What is being asked: Look below for lines that hold the string "while" and copy each one.

• • • • • • •

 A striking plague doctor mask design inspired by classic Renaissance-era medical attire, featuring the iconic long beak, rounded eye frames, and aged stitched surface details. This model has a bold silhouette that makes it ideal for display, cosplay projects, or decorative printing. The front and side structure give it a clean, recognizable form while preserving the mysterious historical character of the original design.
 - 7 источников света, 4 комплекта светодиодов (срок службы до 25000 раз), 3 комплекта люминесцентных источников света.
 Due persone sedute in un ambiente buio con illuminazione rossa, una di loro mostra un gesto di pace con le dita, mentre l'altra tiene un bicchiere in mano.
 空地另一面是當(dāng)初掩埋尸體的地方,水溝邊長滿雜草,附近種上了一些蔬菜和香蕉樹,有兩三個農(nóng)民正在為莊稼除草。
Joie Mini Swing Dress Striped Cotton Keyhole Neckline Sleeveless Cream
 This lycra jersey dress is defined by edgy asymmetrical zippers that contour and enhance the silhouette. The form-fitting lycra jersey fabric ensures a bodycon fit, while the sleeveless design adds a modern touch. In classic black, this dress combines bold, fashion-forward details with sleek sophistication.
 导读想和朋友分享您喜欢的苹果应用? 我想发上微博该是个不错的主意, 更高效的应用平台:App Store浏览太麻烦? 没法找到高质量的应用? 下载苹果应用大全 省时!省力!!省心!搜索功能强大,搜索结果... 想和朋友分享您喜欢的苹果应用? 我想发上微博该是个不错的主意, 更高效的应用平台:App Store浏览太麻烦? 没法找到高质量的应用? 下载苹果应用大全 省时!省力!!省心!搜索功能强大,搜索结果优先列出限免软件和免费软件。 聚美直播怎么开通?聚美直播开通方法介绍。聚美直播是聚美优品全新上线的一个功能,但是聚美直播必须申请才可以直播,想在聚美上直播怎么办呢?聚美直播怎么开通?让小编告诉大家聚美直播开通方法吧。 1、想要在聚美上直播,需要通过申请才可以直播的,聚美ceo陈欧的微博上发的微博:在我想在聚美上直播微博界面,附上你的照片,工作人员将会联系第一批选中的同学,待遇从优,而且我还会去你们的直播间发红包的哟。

• • • • • • •

Response for this exercise:
 A striking plague doctor mask design inspired by classic Renaissance-era medical attire, featuring the iconic long beak, rounded eye frames, and aged stitched surface details. This model has a bold silhouette that makes it ideal for display, cosplay projects, or decorative printing. The front and side structure give it a clean, recognizable form while preserving the mysterious historical character of the original design.
 This lycra jersey dress is defined by edgy asymmetrical zippers that contour and enhance the silhouette. The form-fitting lycra jersey fabric ensures a bodycon fit, while the sleeveless design adds a modern touch. In classic black, this dress combines bold, fashion-forward details with sleek sophistication.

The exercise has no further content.